### Record extracts

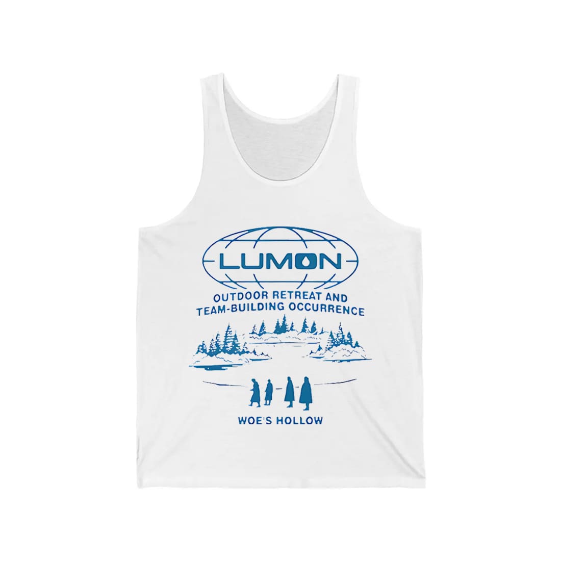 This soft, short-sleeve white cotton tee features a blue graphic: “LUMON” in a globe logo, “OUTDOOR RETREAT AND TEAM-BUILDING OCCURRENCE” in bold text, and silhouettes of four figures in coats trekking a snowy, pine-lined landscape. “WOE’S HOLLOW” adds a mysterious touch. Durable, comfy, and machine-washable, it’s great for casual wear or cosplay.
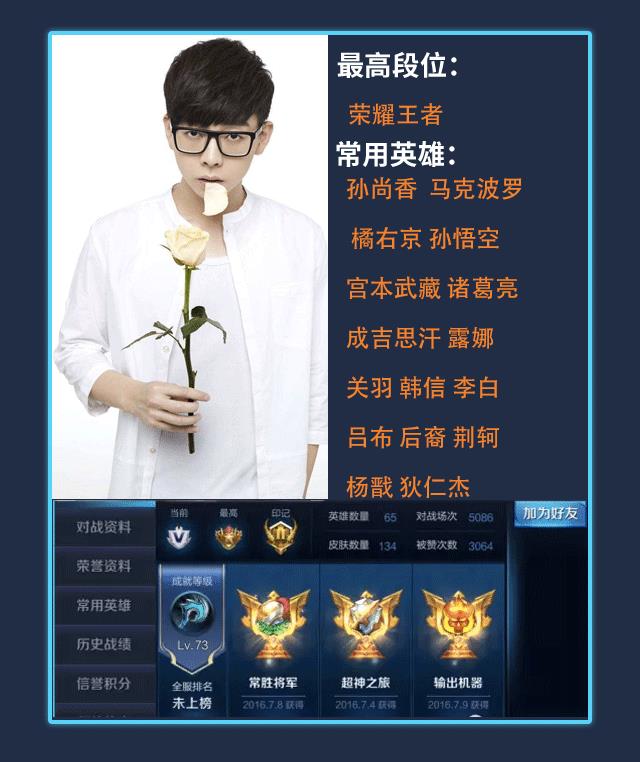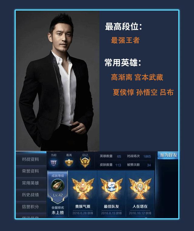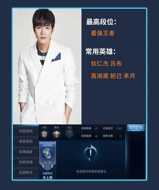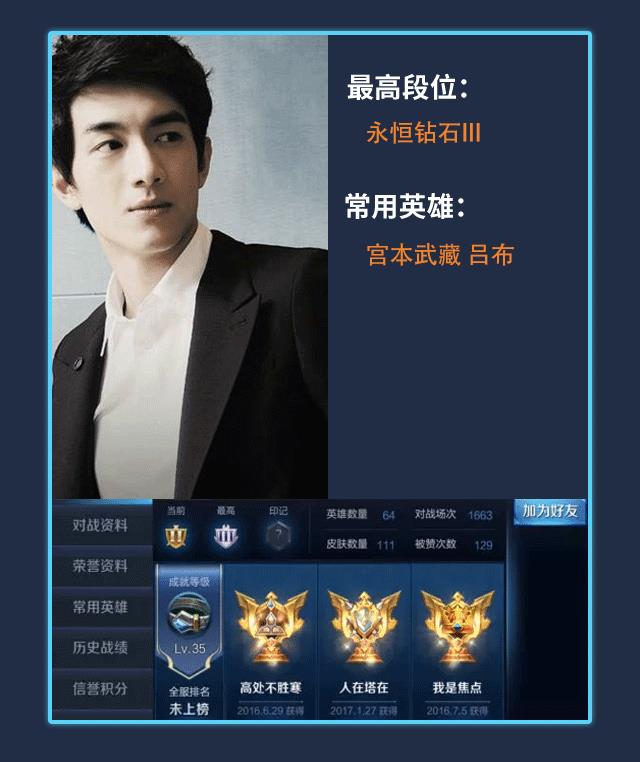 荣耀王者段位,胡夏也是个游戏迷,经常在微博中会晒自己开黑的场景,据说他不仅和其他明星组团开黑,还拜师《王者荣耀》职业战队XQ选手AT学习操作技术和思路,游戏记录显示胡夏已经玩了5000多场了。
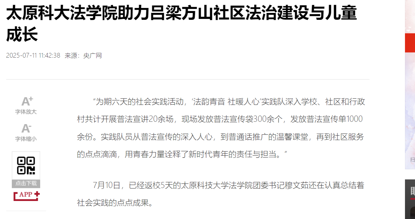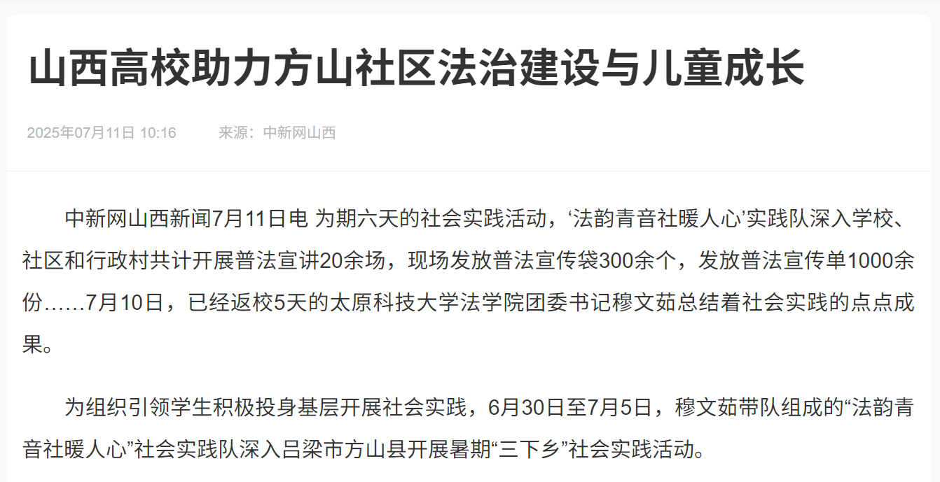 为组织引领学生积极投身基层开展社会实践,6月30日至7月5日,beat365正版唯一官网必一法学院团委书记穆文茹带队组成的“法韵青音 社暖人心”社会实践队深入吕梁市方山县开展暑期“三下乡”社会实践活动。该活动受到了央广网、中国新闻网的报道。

--

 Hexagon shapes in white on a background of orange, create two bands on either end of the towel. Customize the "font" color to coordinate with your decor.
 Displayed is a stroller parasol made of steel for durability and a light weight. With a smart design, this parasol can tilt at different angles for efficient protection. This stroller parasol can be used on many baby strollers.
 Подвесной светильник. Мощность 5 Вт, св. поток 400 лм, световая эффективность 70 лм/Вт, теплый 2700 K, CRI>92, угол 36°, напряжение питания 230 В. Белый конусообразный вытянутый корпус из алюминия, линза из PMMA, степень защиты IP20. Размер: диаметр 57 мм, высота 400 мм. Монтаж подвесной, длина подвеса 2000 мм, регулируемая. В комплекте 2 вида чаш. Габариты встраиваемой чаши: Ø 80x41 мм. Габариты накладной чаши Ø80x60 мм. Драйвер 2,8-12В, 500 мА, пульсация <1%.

### Task directions
In the listing above, find the line containing "This soft, short-sleeve" and the line containing "为组织引领学生积极投身基层开", then output those two lines and everything between them exactly as written, without the images.

### Problem solution
 This soft, short-sleeve white cotton tee features a blue graphic: “LUMON” in a globe logo, “OUTDOOR RETREAT AND TEAM-BUILDING OCCURRENCE” in bold text, and silhouettes of four figures in coats trekking a snowy, pine-lined landscape. “WOE’S HOLLOW” adds a mysterious touch. Durable, comfy, and machine-washable, it’s great for casual wear or cosplay.
 荣耀王者段位,胡夏也是个游戏迷,经常在微博中会晒自己开黑的场景,据说他不仅和其他明星组团开黑,还拜师《王者荣耀》职业战队XQ选手AT学习操作技术和思路,游戏记录显示胡夏已经玩了5000多场了。
 为组织引领学生积极投身基层开展社会实践,6月30日至7月5日,beat365正版唯一官网必一法学院团委书记穆文茹带队组成的“法韵青音 社暖人心”社会实践队深入吕梁市方山县开展暑期“三下乡”社会实践活动。该活动受到了央广网、中国新闻网的报道。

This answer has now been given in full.